Platten_The Tangent - The World That We Drive Through

Eine Gerade wird schnell fade

Der Nukleus aus Mitgliedern der Flower Kings und Po90 Degrees spaltet sein zweites Atomteilchen ab. Strahlende Aussichten?    03.10.2004

Ein Line-up wie aus dem Bilderbuch: Roine Stolt, Jonas Reingold, Zoltan Csorsz, Any Tillison, Sam Baine, Guy Manning und Theo Travis. Das prototypische Cover, schillernd und im "Heile Welt"-Stil, beschwört den Geist der Prog-Rock-Blütezeit, könnte - bissig bemerkt - aber auch einem Sekten-Werbeprospekt entsprungen sein (Ron L. Hubbard, rotiere!) . Dennoch steht das Cover-Bild in friedvoller Symbiose mit der Ästhetik und dem Klangbild der fünf bis zu 18 Minuten langen Mini-Epen auf "The World That We Drive Through".

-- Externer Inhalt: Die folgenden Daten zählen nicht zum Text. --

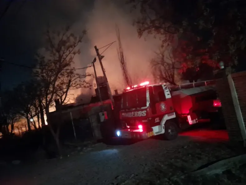 Un incendio, de grandes proporciones, se produjo este miércoles en una casa prefabricada, que los dueños de casa, utilizaban como depósito, en la zona del Médano de Oro, propiedad de un hombre de apellido Pereyra.
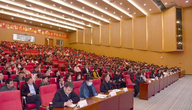 刘军强调,2024年是学校开启新办学篇章的开局之年,是实现第四次党代会和“十四五”规划目标任务的关键之年,更是聚焦博士培养工作的攻坚之年。进入新的发展阶段,学校发展目标围绕“更高水平、更具特色、更有作为”三个关键词,从四个方面做好2024年重点工作任务。一是突出党建引领,全力推进一融双高。要提高理论武装水平和政治站位,重视年轻干部和专业干部队伍建设,推进全面从严治党向纵深发展,推动党建与学校事业发展深度融合。二是突出学科建设,聚力推进博士人才培养。要继续优化资源配置、凝练学科方向、加强沟通协作,强化有组织的学科建设,以高水平学科建设带动高水平大学建设。三是突出内涵发展,合力提升硬核实力。要构建高水平人才培养体系,打造有竞争力的一流师资队伍,强化有组织科研提升科技创新能力,聚力推进附属医院高质量发展。四是突出改革创新,努力释放办学活力。要全面释放二级学院办学活力,开门办学提升资源获取能力,推进教育数字化赋能高质量发展。
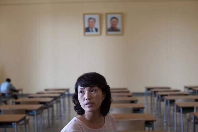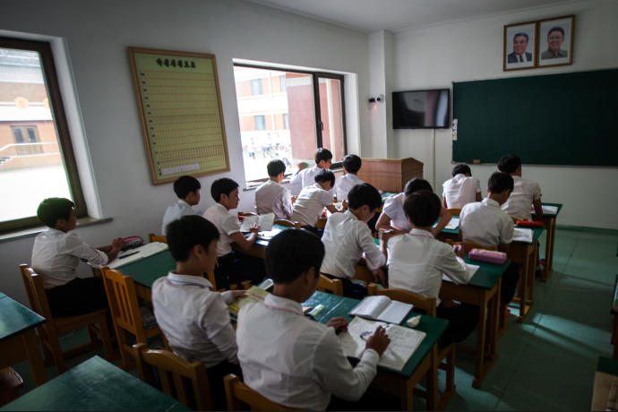 Portraits of Kim Il Sung and Kim Jong Il in a classroom of children in Pyongyang, North Korea.
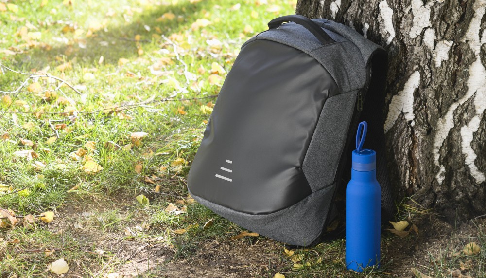 С внешней боковой стороны рюкзака расположен USB разъем для подзарядки вашего устройства (внутри рюкзака расположен кабель для соединения с power bank) и два боковых кармана на молнии.

Will heißen: Sieben hervorragende Musiker frickeln auf höchstem Niveau. Da sitzt jeder Tempowechsel, und egomanische Soli beweisen Kunst, Können sowie vornehme Zurückhaltung. Andy Tillisons Stimme erinnert an Ian Anderson, David Gilmour oder Keith Emerson - nicht schlecht, aber andernorts schon besser gehört.

Das heißt leider aber auch, daß hier nicht der geringste Mut zum Risiko spürbar ist, sondern nur abgekaute Ideen und fehlende Perspektiven beziehungsweise Visionen in Musik und/oder Text. Die makel-, aber auch schmucklose Produktion läßt die Tracks nach Dosenkost schmecken. Als Hörer wird man unweigerlich an Van der Graaf Generator, ELP, Porcupine Tree, Pink Floyd und die frühe Zeit von Genesis, Jan Hammer oder Gong erinnert. Etappenweise werden diese Blaupausen ein wenig zu schamlos bemüht, was schlicht geklaut klingt und eigene Ideen vermissen läßt.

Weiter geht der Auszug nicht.